Matthew James Bellamy (born 9 June 1978) is an English singer, musician, producer, and songwriter. He is primarily known as the lead vocalist, guitarist, pianist, and primary songwriter for English rock band Muse. He is recognised for his eccentric stage persona, wide tenor vocal range and musicianship. Bellamy has released solo compositions and plays bass in the supergroup the Jaded Hearts Club, also producing their debut album, You've Always Been Here (2020).

With Muse, Bellamy has won two Grammy Awards for Best Rock Album, for The Resistance (2009) and Drones (2015); two Brit Awards for Best British Live Act; five MTV Europe Music Awards; and eight NME Awards. Muse have sold over 30 million albums worldwide. In 2012, they received the Ivor Novello Award for International Achievement from the British Academy of Songwriters, Composers and Authors.

Early life
Matthew James Bellamy was born on 9 June 1978 in Cambridge, Cambridgeshire. He has an older brother named Paul. His father, George Bellamy, was the rhythm guitarist of the 1960s pop group the Tornados, whose 1962 single "Telstar" was the first US number one by an English band. His mother, Marilyn, was born in Belfast and moved to England in the 1970s. On her first day in England, she met Bellamy's father, who was working as a taxi driver in London at the time. They later moved to Cambridge and in the mid-1980s to Teignmouth, Devon. After his parents divorced, Bellamy lived with his mother and his brother. He started playing the piano at the age of six and guitar when he was 11. His first musical performance was in June 1991, aged 12, playing piano in front of his school at Teignmouth Community School.

Muse

At Teignmouth Community School, Devon, Bellamy played in a number of bands, including Carnage Mayhem and Gothic Plague with drummer Dominic Howard.

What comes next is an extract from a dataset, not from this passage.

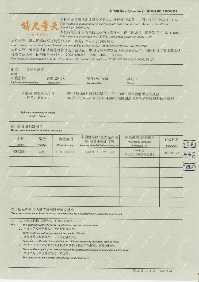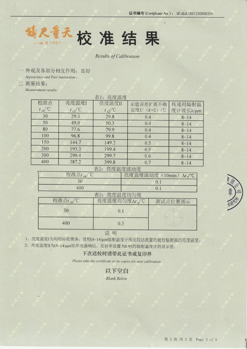 | 上一條:西安機(jī)電信息技術(shù)研究所 面源黑體爐 校準(zhǔn)證書(shū) | 下一條:高精度制冷恒溫槽(-80~100℃)校準(zhǔn)證書(shū) |
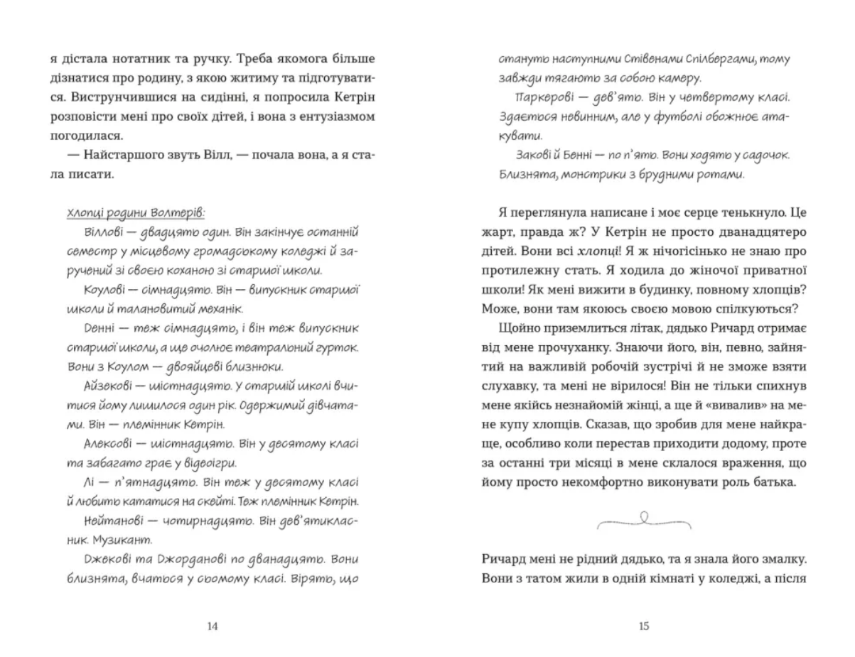 Сюрприз номер 1 — у Волтерів дванадцять дітей, і майже всі вони — хлопці. Сюрприз номер 2 — старші брати неймовірні красунчики. Сюрприз номер 3 — черга до ранкового душу здається нескінченною. Сюрприз номер 4 — пранки, розіграші та суперечки тепер стали частиною її життя. І сюрприз номер 5 — навіть у найскладніших обставинах можна знайти близьких людей і любов.

When members of Gothic Plague left because of other interests, Bellamy and Howard asked bassist Chris Wolstenholme to join. In 1994, using the name Rocket Baby Dolls, they won the school's "Battle of the Bands" which led them to take the band more seriously, and changed their name to Muse.

Muse have gone on to worldwide success. Muse blends alternative, art rock, experimental rock, progressive rock, classical music, electronica and many other styles. The band is also well known for its energetic and visually dazzling live performances. On 16–17 June 2007, Muse became the first band to sell out the newly built Wembley Stadium in London.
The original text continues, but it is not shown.